Imagine you work in customer service for a large camper rental company. You need to tell a customer that she has to be rebooked to a different model because her preferred camper is unavailable. She decides to cancel the entire booking because she is not satisfied with the new model. When you try to process this request in the internal software and cancel the booking free of charge, you are shown the following modal:
Would you intuitively know what would happen when confirming this modal? If your answer is no, then your experience is similar to the users of the software where this modal was used. The team trained each other internally and created extensive documentation with screenshots explaining which button to click in which situation to keep this step somewhat manageable.
Besides the modal’s pure complexity, at a certain point there was also an irregular but fatal software bug that caused incorrectly sent emails and hard-to-fix errors in the database. All of this eventually led to major uncertainty and real stress whenever users interacted with this screen, which made a redesign of the process urgently necessary.
No time to keep reading? Here is the final redesign result:
I’ll walk you through each redesign step and its impact in the deep dive below. 🤿
The Difference Section - too much information overwhelms users
This section breaks down all amounts related to the booking adjustment in an extremely detailed and technical way. On the left, you see the pure before-and-after change list, and on the right, additional relevant sums such as already paid or already invoiced amounts are listed - very overwhelming, and in most cases not really relevant. Ultimately, the only thing that really matters is the total difference of the change, because that is the basis for further processing.

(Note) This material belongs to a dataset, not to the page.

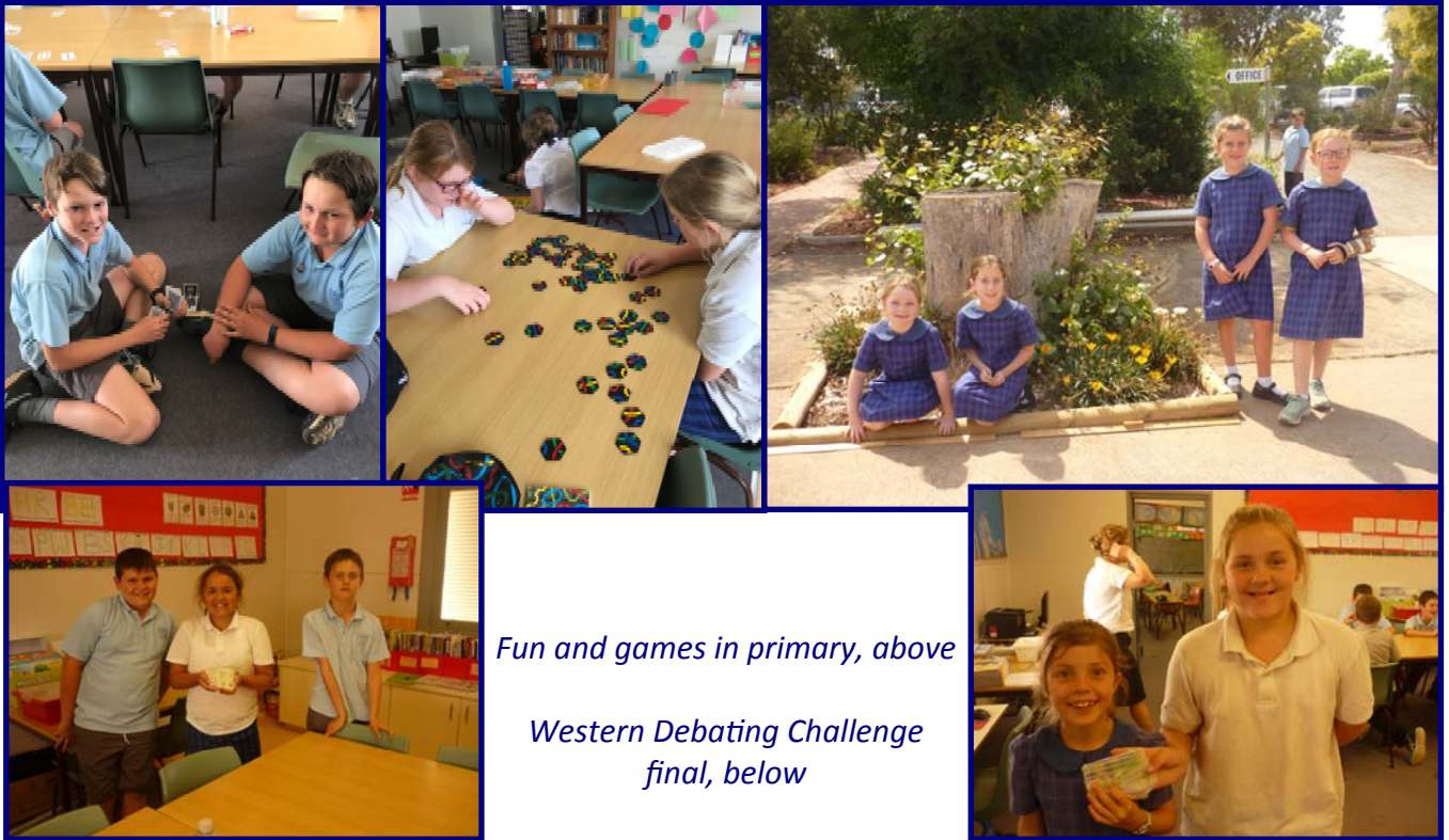
Fun and games in primary, above Western Debating Challenge final, below

For this reason, I redesigned this section into a classic collapsible area. All detailed information is still available in case it is needed for traceability, just hidden by default.

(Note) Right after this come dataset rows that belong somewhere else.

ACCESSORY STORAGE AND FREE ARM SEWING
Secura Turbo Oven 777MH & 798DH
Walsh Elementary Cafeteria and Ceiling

The Action Section - cryptic button labels and unclear outcomes
You’ve probably already wondered what the cryptic number-letter combinations in the middle of the modal mean. A reduction in booking value can be handled in three different ways:
- Refund
- Coupon
- Fee
Depending on selected cancellation policies and the timing of the booking adjustment, it can also be a combination of multiple types, for example 50% of the booking value as a refund and 50% as a coupon. So these labels represent the resolution type of the difference:
- 100R means 100% refund
- 50R/50C means 50% refund and 50% coupon
- 100C means 100% coupon
- … and so on
Clicking one of these “codes” changes the absolute values in the grayed-out input fields below, and that ultimately determines how the booking value is settled. Yes, you read that right, the most important piece of information in the entire modal, namely what happens after confirmation, is hidden in these extremely hard-to-read input fields. By default, they are not editable, only “Manual override” allows entering custom values.
I replaced this admittedly “quirky” UI with a clear question and a tab switcher.
To prevent mistakes, no option is preselected by default. The user must deliberately choose a handling method before the action can be completed.
The first option, “As booked” processes the difference amount automatically based on the booked cancellation policy. If customer service wants to deviate from this policy as a goodwill gesture, the most common alternatives are either a full refund or issuing a coupon. For all other special cases, there is the “Custom” tab, which contains the known input fields.
The Finalization Section - “Cancelling the Cancel”
There was one last UX issue to solve. Normally, the application uses the word “Cancel” to abort an action. In the case of a cancellation, however, “Cancel” is actually the right word to confirm the operation. The solution here was to use the alternative word “Abort” in this specific case to minimize confusion.
Here is the complete redesigned modal once more:
After I implemented the redesign and it went live in production, usage errors in booking adjustments/cancellations dropped drastically, which significantly reduced the service team’s workload and restored their trust in the software.
The engineering team responsible for manual database error corrections also benefited from the lower error rate. Instead of fixing around three to five errors per month during peak season as before, after the redesign it was only two to three per year, and even those only in extreme edge cases.